# THE PROBLEM:
Exact repetition of a range: find the line containing "Elastic Sleeve Viscose" and the line containing "首先是来自复旦大学哲学学院的" in the material below, then repeat both and all lines between them, leaving pictures out.

# PROVIDED RECORDS:
= = = =

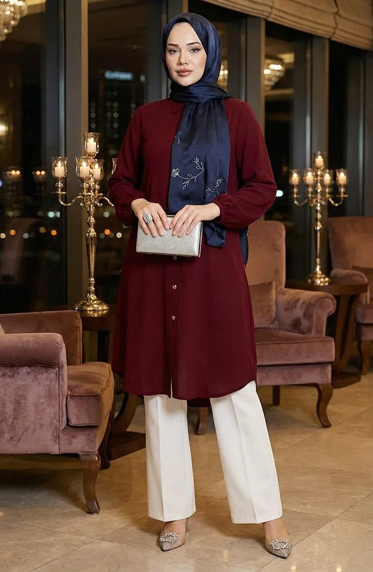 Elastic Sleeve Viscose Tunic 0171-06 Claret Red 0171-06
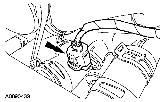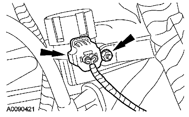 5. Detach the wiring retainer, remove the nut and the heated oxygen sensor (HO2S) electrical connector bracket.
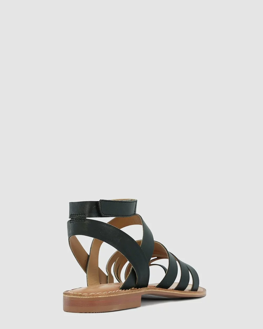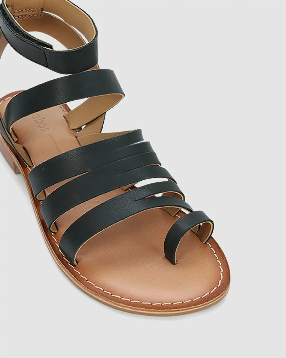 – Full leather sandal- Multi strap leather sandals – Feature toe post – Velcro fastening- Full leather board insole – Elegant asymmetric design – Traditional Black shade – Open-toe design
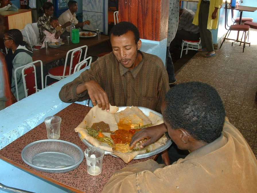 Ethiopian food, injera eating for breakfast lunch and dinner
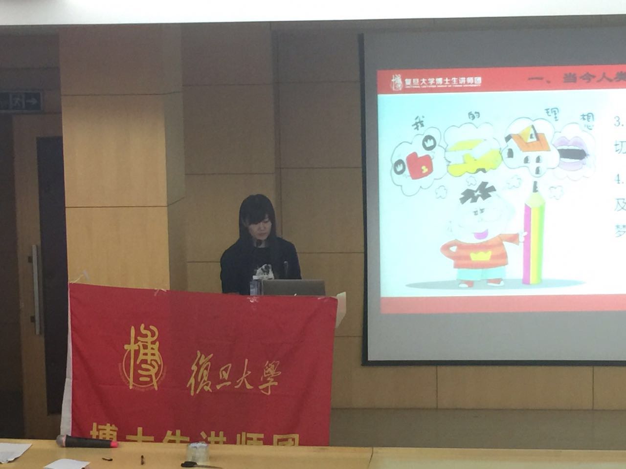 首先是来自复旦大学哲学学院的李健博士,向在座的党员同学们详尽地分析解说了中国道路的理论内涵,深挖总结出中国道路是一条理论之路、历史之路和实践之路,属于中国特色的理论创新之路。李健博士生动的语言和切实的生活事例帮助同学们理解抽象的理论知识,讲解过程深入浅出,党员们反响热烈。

= = = =

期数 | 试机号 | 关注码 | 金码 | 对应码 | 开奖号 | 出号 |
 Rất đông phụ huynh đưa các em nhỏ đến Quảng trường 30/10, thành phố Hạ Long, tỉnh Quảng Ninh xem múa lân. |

= = = =

# ANSWER TO THE EXERCISE:
 Elastic Sleeve Viscose Tunic 0171-06 Claret Red 0171-06
 5. Detach the wiring retainer, remove the nut and the heated oxygen sensor (HO2S) electrical connector bracket.
 – Full leather sandal- Multi strap leather sandals – Feature toe post – Velcro fastening- Full leather board insole – Elegant asymmetric design – Traditional Black shade – Open-toe design
 Ethiopian food, injera eating for breakfast lunch and dinner
 首先是来自复旦大学哲学学院的李健博士,向在座的党员同学们详尽地分析解说了中国道路的理论内涵,深挖总结出中国道路是一条理论之路、历史之路和实践之路,属于中国特色的理论创新之路。李健博士生动的语言和切实的生活事例帮助同学们理解抽象的理论知识,讲解过程深入浅出,党员们反响热烈。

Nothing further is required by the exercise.